18 And others are those sown among the thorns: these are the ones who hear the word, 19 but the caresLXXXIX of the world,XC and the lureXCI of wealth,XCII

Notes on verses 18-19a

LXXXIX “cares” = merimna. 6x in NT. Perhaps from merizo (to divide, part, share, distribute, assign; figuratively, to differ); from meros (part, share, portion figurative or literal); from meiromai (to get your share, receive one’s allotment). This is a portion removed from the whole. Figuratively, it is care, worry, or anxiety that tears a person apart.
XC “world” = aion. From the same as aei (ever, always, unceasingly, perpetually; on every occasion). This is an age, cycle of time, course, continued duration. It is also used to describe the eternal or forever. This is the word used to discuss the present age or the messianic age.
XCI “lure” = apate. 7x in NT. Perhaps from apatao (to deceive, seduce, cheat, delude; focuses on the method used to lure astray). This is deception, cheating, treachery, fraud.
XCII “wealth” = ploutos. Related to “very large” in v1 & “many things” in v2 & “boat” in v1. From polus (see note IV above) OR pleo (see note VII above) OR pletho (to fill, accomplish, supply; to fill to maximum capacity). This is abundance, wealth, or riches. It could refer to money/possessions or spiritual abundance. It can also be used for a valuable bestowment.
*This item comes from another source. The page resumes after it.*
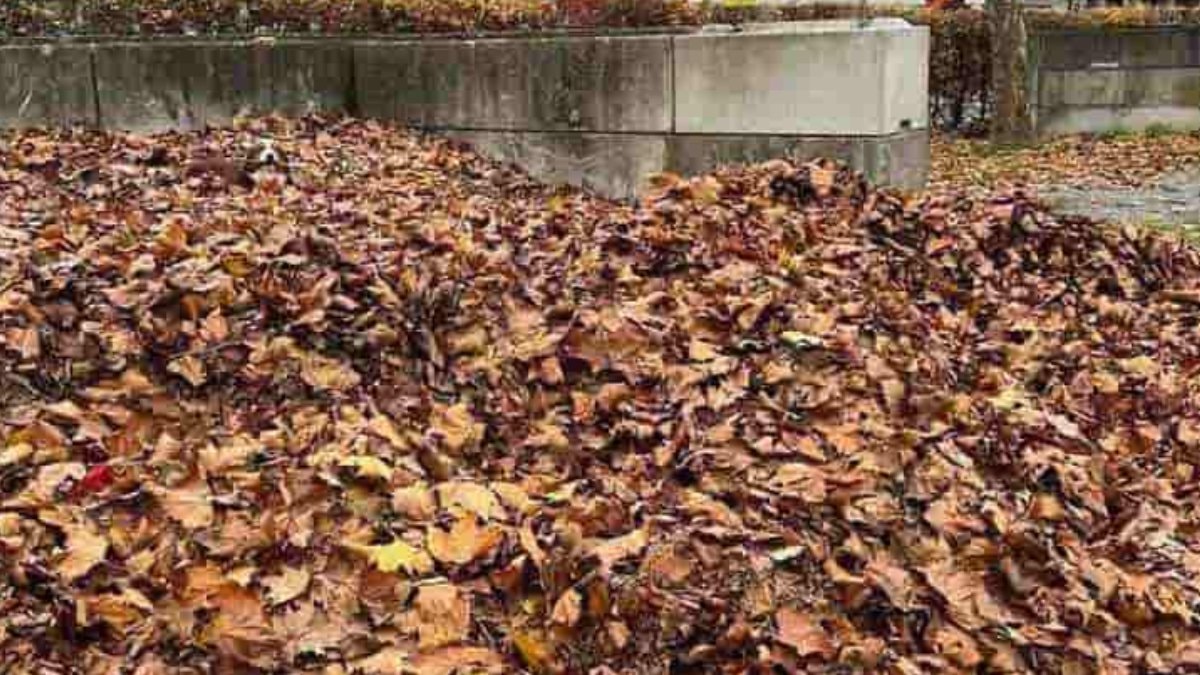 Resmin ön kısmında bir yığın yaprak, arka planda ise bir sıra bina görülüyor.

and the desireXCIII for other thingsXCIV come inXCV and choke the word, and it yieldsXCVI nothing.XCVII 

Notes on verse 19b

XCIII “desire” = epithumia. From epithmueo (long for, set one’s heart on, yearn, desire); {from epi (on, upon, at, what is fitting) + thumos (passion, wrath; actions emerging from passion or impulse) {from thuo (to rush along, breathe violently, offer sacrifice)}}. This is desire, a longing built on passionate emotion or urges. This can be a positive or a negative passion (lust or eagerness).
XCIV “other things” = loipos. From leipo (to leave behind, be lacking). This is the rest, remained, remnant, other, residue.
XCV “come in” = eisporeuomai. 18x in NT. From eis (to, into, for, among) + poreuomai (to go, travel, journey, die; refers to transporting things from one place to another; focuses on the personal significance of the destination); {from poros (passageway)}. This is to enter or journey in in a literal or figurative sense.
XCVI “yields” = ginomai. Same as {untranslated} in v4. See note XX above.
XCVII “nothing” = akarpos. Related to “grain” in v7. 7x in NT. From a (not, without) + karpos (see note XLIII above). This is unfruitful in a literal or figurative sense. It can also mean without profit.
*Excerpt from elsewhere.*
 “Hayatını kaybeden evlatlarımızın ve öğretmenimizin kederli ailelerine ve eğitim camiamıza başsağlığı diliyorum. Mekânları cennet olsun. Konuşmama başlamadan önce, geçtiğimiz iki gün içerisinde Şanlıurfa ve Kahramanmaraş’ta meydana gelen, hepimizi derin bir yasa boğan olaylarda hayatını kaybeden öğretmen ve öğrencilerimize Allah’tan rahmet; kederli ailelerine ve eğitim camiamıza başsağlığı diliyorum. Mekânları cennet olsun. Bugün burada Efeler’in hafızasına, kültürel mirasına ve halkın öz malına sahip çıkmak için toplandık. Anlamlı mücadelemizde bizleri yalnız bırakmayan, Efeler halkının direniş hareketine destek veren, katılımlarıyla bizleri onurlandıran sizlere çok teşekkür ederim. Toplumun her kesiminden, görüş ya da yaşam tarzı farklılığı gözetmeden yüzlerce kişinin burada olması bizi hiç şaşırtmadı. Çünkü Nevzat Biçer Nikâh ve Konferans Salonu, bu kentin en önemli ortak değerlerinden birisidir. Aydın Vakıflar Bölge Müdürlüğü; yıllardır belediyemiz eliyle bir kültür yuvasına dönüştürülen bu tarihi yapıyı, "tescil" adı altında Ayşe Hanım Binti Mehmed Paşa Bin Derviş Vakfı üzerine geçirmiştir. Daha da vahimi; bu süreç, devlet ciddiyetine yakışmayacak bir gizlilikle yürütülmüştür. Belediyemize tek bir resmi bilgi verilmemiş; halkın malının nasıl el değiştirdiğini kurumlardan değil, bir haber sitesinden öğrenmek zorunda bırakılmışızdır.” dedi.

20 And these are the ones sown on the good soil: they hear the word and acceptXCVIII it and bear fruit,XCIX, C thirty andCI sixty and aCII hundredfold.”

Notes on verse 20

XCVIII “accept” = paradechomai. 6x in NT. From para (beside, by, in the presence of) + dechomai (to warmly receive, be ready for what is offered, take, accept, or welcome; to receive in a literal or figurative sense). This is to receive, welcome, accept, adopt, admit. It can also mean to find joy in.
XCIX “bear fruit” = karpophoreo. Related to “grain” in v7 & “nothing” in v19 & “yielding” in v8. 8x in NT. From karpophoros (fruitful, productive); {from karpos (see note XLIII above) + phero (see note XLVII above)}. This is to produce fruit or crops. It is fertile in a literal or figurative sense.
C {untranslated} = heis. Same as {untranslated} in v8. See note XLVIII above.
CI {untranslated} = heis. Same as {untranslated} in v8. See note XLVIII above.
CII “a” = heis. Same as {untranslated} in v8. See note XLVIII above.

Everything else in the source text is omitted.